** Opening Dataset extract block **
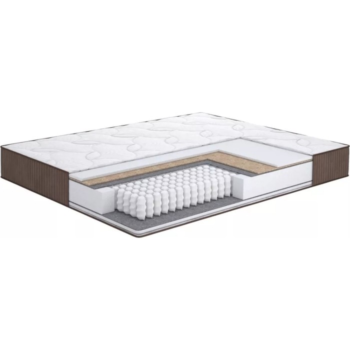 Матрасы от компании Matroluxe, модель Lungo 160x200, Тип пружинный (независимый), Жесткость выше средней / высокая (4/5), двусторонний и Количество слоев 6 шт, а также Наполнитель пена (Air Foam), кокосовая койра, термовойлок.
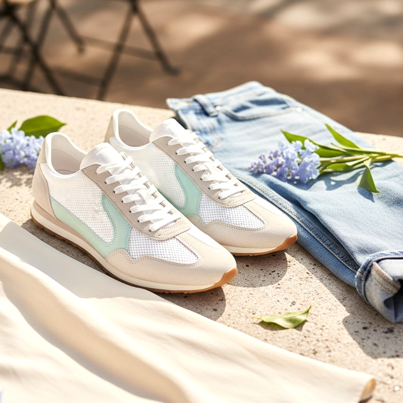 Ez a trend tökéletesen illeszkedik a szezon általános filozófiájába: kevesebb sikoltozás, több osztály. A vékony tornacipők remekül mutatnak egyenes szárú nadrággal, felhajtott farmerrel és elegáns midi ruhákkal. A sportos lazaság és a nőies kifinomultság kombinációja 2026 tavaszának egyik legerősebb stílusjegye. Válasszon fehér, krém vagy pasztell menta vagy levendula árnyalatú modelleket, hogy teljes mértékben kihasználhassa ennek a trendnek a szellemiségét.
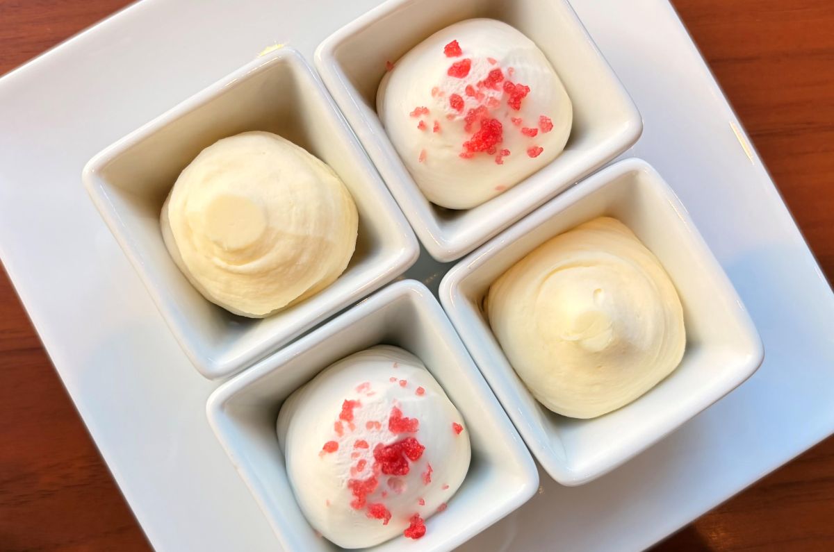 そして「いちごのスコーン」には「クロテッドクリーム&練乳クリーム」をつけてみて。練乳クリームにはいちごのフリーズドライがあしらわれていて、かわいらしい見た目になっています。どちらも優しい甘さなのでいちごのスコーンと相性バツグンです…!
** Closing Dataset extract block **
▶ [What you need to do]
The line with "Ez a trend tökéletesen" and each line after it, through the final line of the data, are to be duplicated exactly, with pictures left out and nothing more included.

▶ [Answer]
 Ez a trend tökéletesen illeszkedik a szezon általános filozófiájába: kevesebb sikoltozás, több osztály. A vékony tornacipők remekül mutatnak egyenes szárú nadrággal, felhajtott farmerrel és elegáns midi ruhákkal. A sportos lazaság és a nőies kifinomultság kombinációja 2026 tavaszának egyik legerősebb stílusjegye. Válasszon fehér, krém vagy pasztell menta vagy levendula árnyalatú modelleket, hogy teljes mértékben kihasználhassa ennek a trendnek a szellemiségét.
 そして「いちごのスコーン」には「クロテッドクリーム&練乳クリーム」をつけてみて。練乳クリームにはいちごのフリーズドライがあしらわれていて、かわいらしい見た目になっています。どちらも優しい甘さなのでいちごのスコーンと相性バツグンです…!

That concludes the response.